Electroosmotic flow in Hele-Shaw configurations with non-uniform surface charge

TL;DR

This paper provides an analytical and numerical study of electroosmotic flow in Hele-Shaw cells with non-uniform surface charge, demonstrating how to generate complex flow patterns for potential on-chip applications.

Contribution

The study derives analytical solutions for electroosmotic flow with non-uniform surface charge and shows how to create complex flow fields by superposing simple charge distributions.

Findings

Flow in the outer region forms a dipole pattern.

Superposition enables complex flow control.

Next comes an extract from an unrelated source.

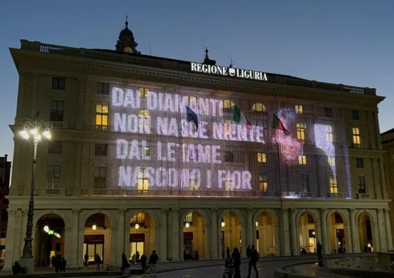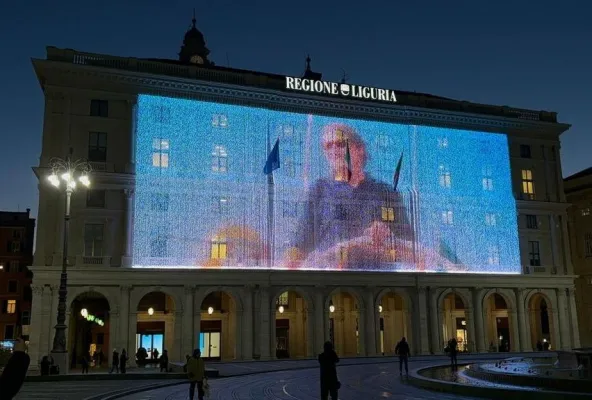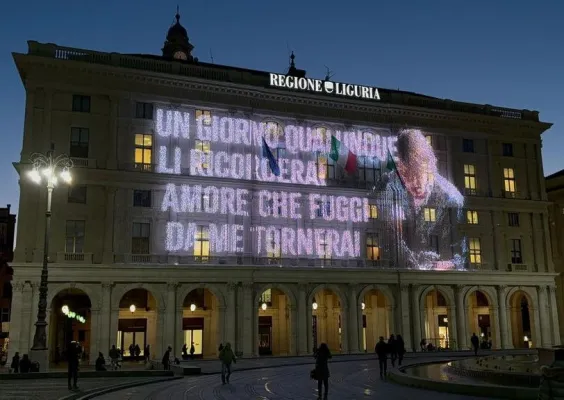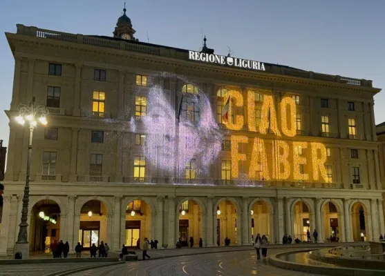 E da quattro giorni sulla facciata del palazzo della Regione c’è un omaggio luminoso e musicale per ricordare la vita e la produzione artistica di Fabrizio con un video tributo e una selezione di immagini e frasi tratte dalle più celebri opere del cantautore: “Crêuza de mä”, “Bocca di rosa, “Il pescatore”, “Via del campo”, “La Canzone di Marinella”, “Amore che vieni, amore che vai”, “Volta la carta “La guerra di Piero” e “Anime salve”.

Analytical results validated by numerical simulations.

Abstract

We present an analytical study, validated by numerical simulations, of electroosmotic flow in a Hele-Shaw cell with non-uniform surface charge patterning. Applying the lubrication approximation and assuming thin electric double layer, we obtain a pair of uncoupled Poisson equations which relate the pressure and the stream function, respectively, to gradients in the zeta potential distribution parallel and perpendicular to the applied electric field. We solve the governing equations for the fundamental case of a disk with uniform zeta potential and show that the flow-field in the outer region takes the form of a pure dipole. We illustrate the ability to generate complex flow-fields around smooth convex regions by superposition of such disks with uniform zeta potential and a uniform pressure driven flow. This method may be useful for future on-chip devices, allowing flow control without the need for mechanical components.